Everything from the line that contains "glucagon-like peptide 1(7-37)" through the last line below should be transcribed exactly, except the pictures.

- SUPPLIED MATERIAL
# # # # # # #
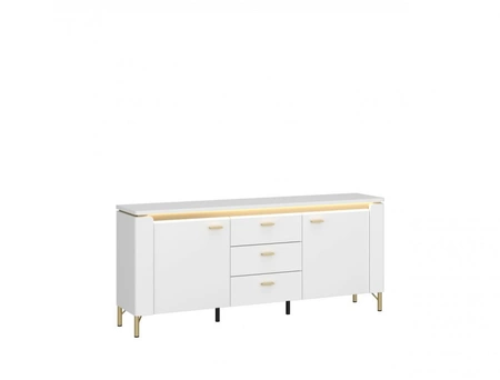 Biel w połysku, subtelne złote akcenty nadają elegancki i nowoczesny wygląd. Minimalistyczna bryła na wysokich, złotych nóżkach dodaje lekkości, a stylowe metalowe uchwyty podkreślają wyrafinowany styl glamour. Szafka RTV Lazio pasuje do wnętrz urządzonych w stylu nowoczesnym, klasycznym, glamour oraz hampton. Stanowi doskonałe uzupełnienie aranżacji i przyciąga wzrok, stając się centralnym punktem strefy wypoczynkowej.
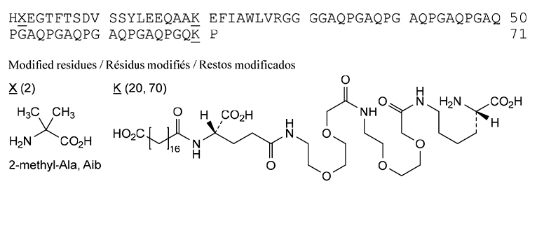 glucagon-like peptide 1(7-37) [human GLP-1(7-37)] (1-31), (A8>2-MeAla2, G22>E16, K34>R28, R36>G30)-variant, fused to the artificial 40-peptide (GAQP)9GQKP (32-71), substituted at N6 of each of the two lysyl residues 20 and 70 with a (22S)-22,40-dicarboxy-10,19,24-trioxo-3,6,12,15-tetraoxa-9,18,23-triazatetracontan-1-oyl group
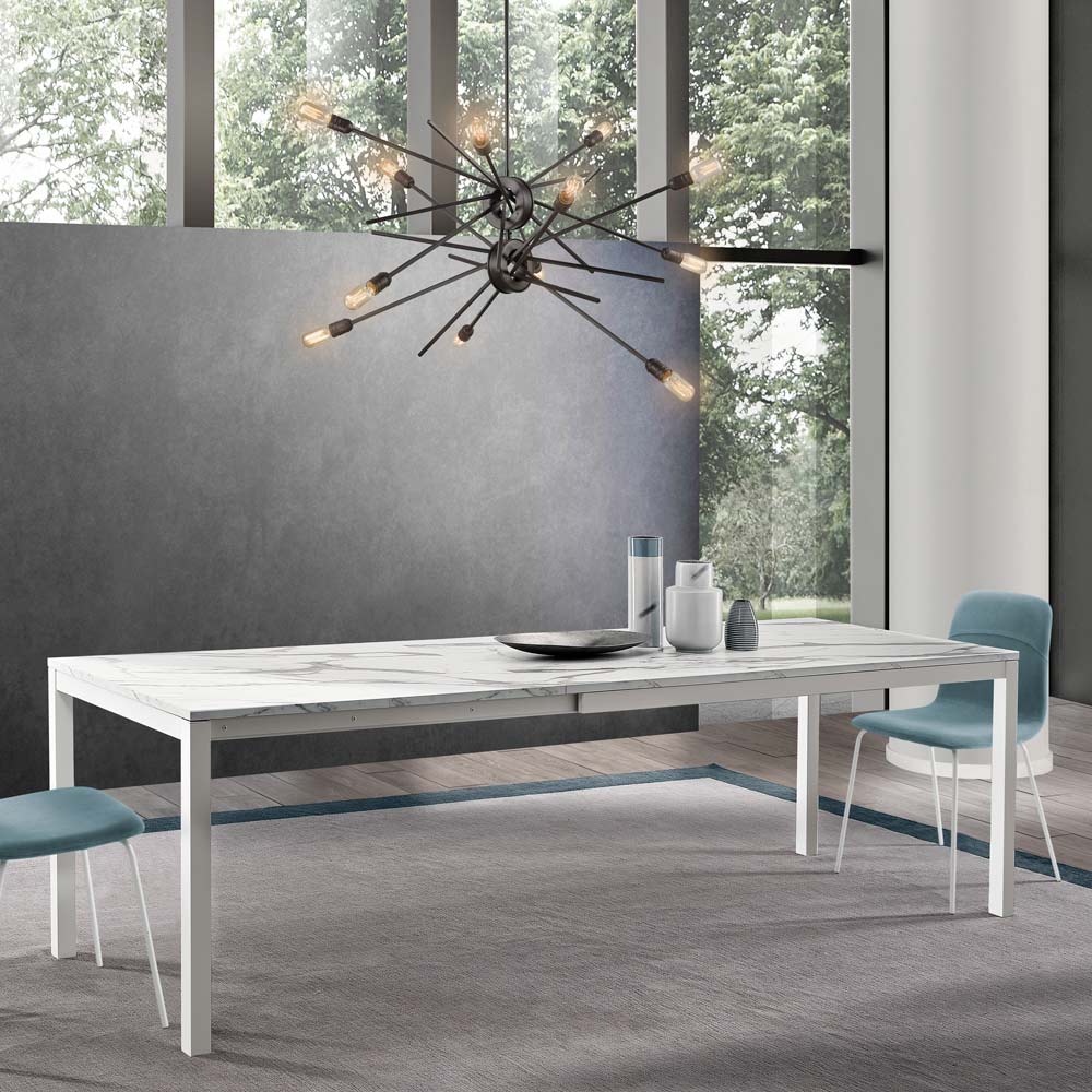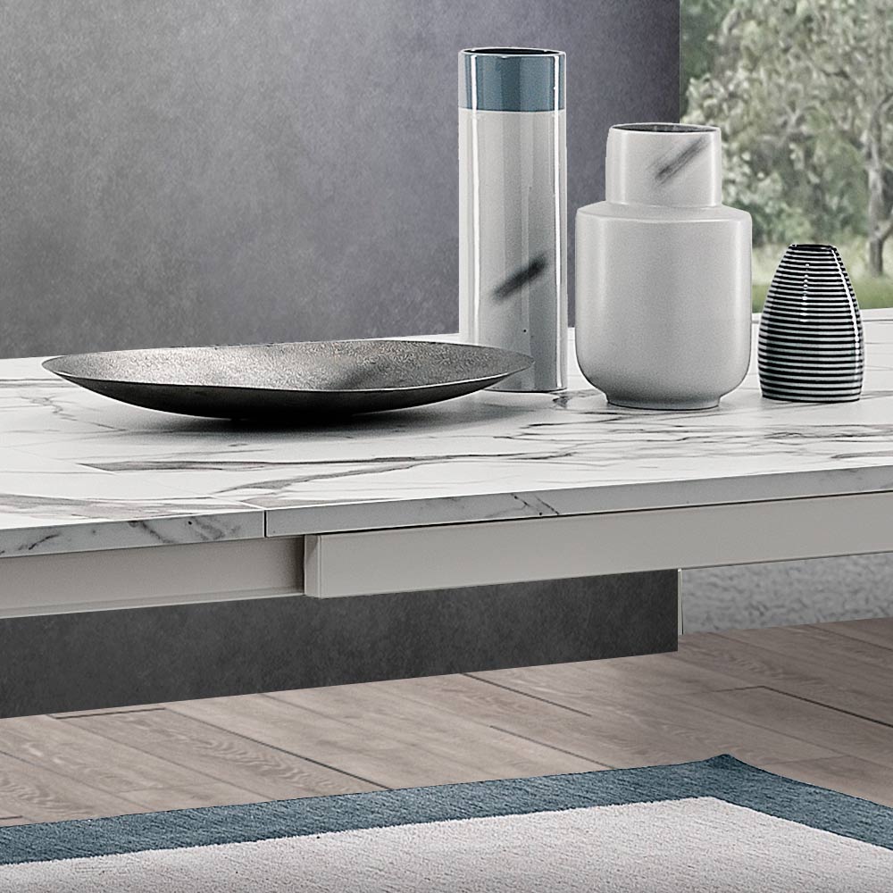 Extendable lounge table made with structure and legs in matt white RAL 9010 lacquered metal and top and extensions in cleaf melamine (22mm thick) calacatta finish, entirely Made in Italy.
# # # # # # #
- TASK RESPONSE
 glucagon-like peptide 1(7-37) [human GLP-1(7-37)] (1-31), (A8>2-MeAla2, G22>E16, K34>R28, R36>G30)-variant, fused to the artificial 40-peptide (GAQP)9GQKP (32-71), substituted at N6 of each of the two lysyl residues 20 and 70 with a (22S)-22,40-dicarboxy-10,19,24-trioxo-3,6,12,15-tetraoxa-9,18,23-triazatetracontan-1-oyl group
 Extendable lounge table made with structure and legs in matt white RAL 9010 lacquered metal and top and extensions in cleaf melamine (22mm thick) calacatta finish, entirely Made in Italy.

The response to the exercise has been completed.